American Viticultural Area in California

San Ysidro District is an American Viticultural Area (AVA) located in southern Santa Clara County, California about
4 mi east of the town of Gilroy. It lies within the larger Santa Clara Valley AVA just east of the Diablo Range foothills. It was established as the nation's 109^{th}, the state's 64^{th} and the county’s fifth appellation on November 15, 1990 by the Bureau of Alcohol, Tobacco and Firearms (ATF), Treasury after reviewing the petition submitted by Mr. Barry Jackson of Harmony Wine Co., on behalf of the owners of the Mistral Vineyard and the San Ysidro Vineyard, proposing a viticultural area to be known as "San Ysidro." The petitioner subsequently amended the petition requesting the name be changed to "San Ysidro District."

The appellation is significantly cooler than other parts of Santa Clara Valley. Cooling breezes can reach the area via the Pajaro River which cuts into the nearby foothills. At the outset, there were two commercial vineyards within the viticultural area, Mistral Vineyard and San Ysidro Vineyard. The two vineyards comprise approximately 520 acre under cultivation. There were five wineries producing vineyard designated wines from the area.

==History==
The name "San Ysidro" (/es/ san-ee-see-droh) is derived from the original Spanish land grant in 1809 or 1810 by Governor José Joaquín de Arrillaga to Ygnacio Ortega (1764–1829), the son of José Francisco Ortega, one of Gaspar de Portola's scouts in the original exploration of California by the Spanish after 1769. The grant is probably named for St. Isidore, the 7th century archbishop of Seville. The rancho was about 13066 acre in size and on Ortega's death in 1833, with Alta California under Mexican rule, Governor José Figueroa divided Rancho Ysidro among his three children, Isabel, Clara, Jose Quintin and their families.
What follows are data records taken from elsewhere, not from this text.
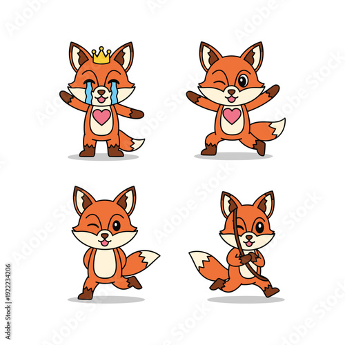 Obraz premium Cartoon Fox Characters Showing Different Emotions and Actions
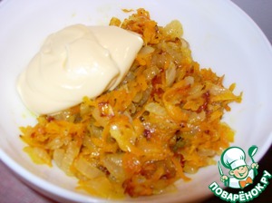 Морковь трем на крупной терке, лук режем небольшими кубиками и обжариваем на растительном масле. Добавляем красный перец, солим и даем полностью остыть. Добавляем плавленый сыр и перемешиваем. Можно добавить несколько капель лимонного сока.
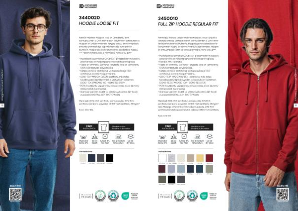 • Skannaa vaatteen sisällä tai verkkosivulla oleva QR-koodi avataksesi DIGITAALISEN TUOTEPASSIN.
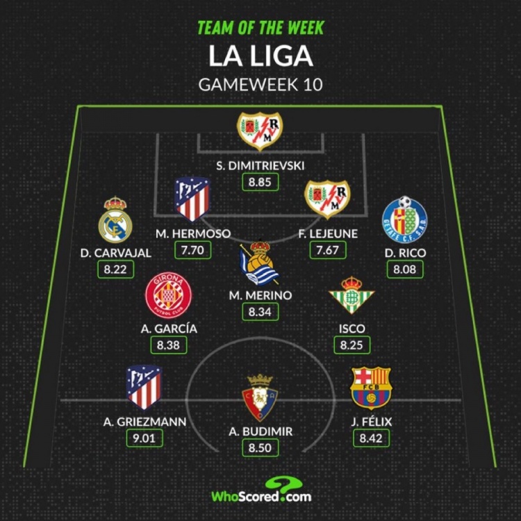 10月24日讯 WhoScored发布了西甲第十周的最佳阵容,菲利克斯、格列兹曼入选。

The San Ysidro winegrowing area today is located in the 4438 acre portion that went to the Ortega son, and was clearly identified as such, even after it had been divided and sold off later in the century. It is usually named the Quintin Ortega portion. Following the final patenting of this land in the 1860's, it was sold off in fairly large plots to American settlers. This area grew up as a sort of satellite to the new town of Gilroy that developed in later years. Old Gilroy, or San Ysidro, grew up on the land just north of the Quintin Ortega section and granted to Maria Clara Ortega, the wife of John Gilroy, a Scotsman and one of the first naturalized English-speaking settlers in Alta California. The San Ysidro school was located there.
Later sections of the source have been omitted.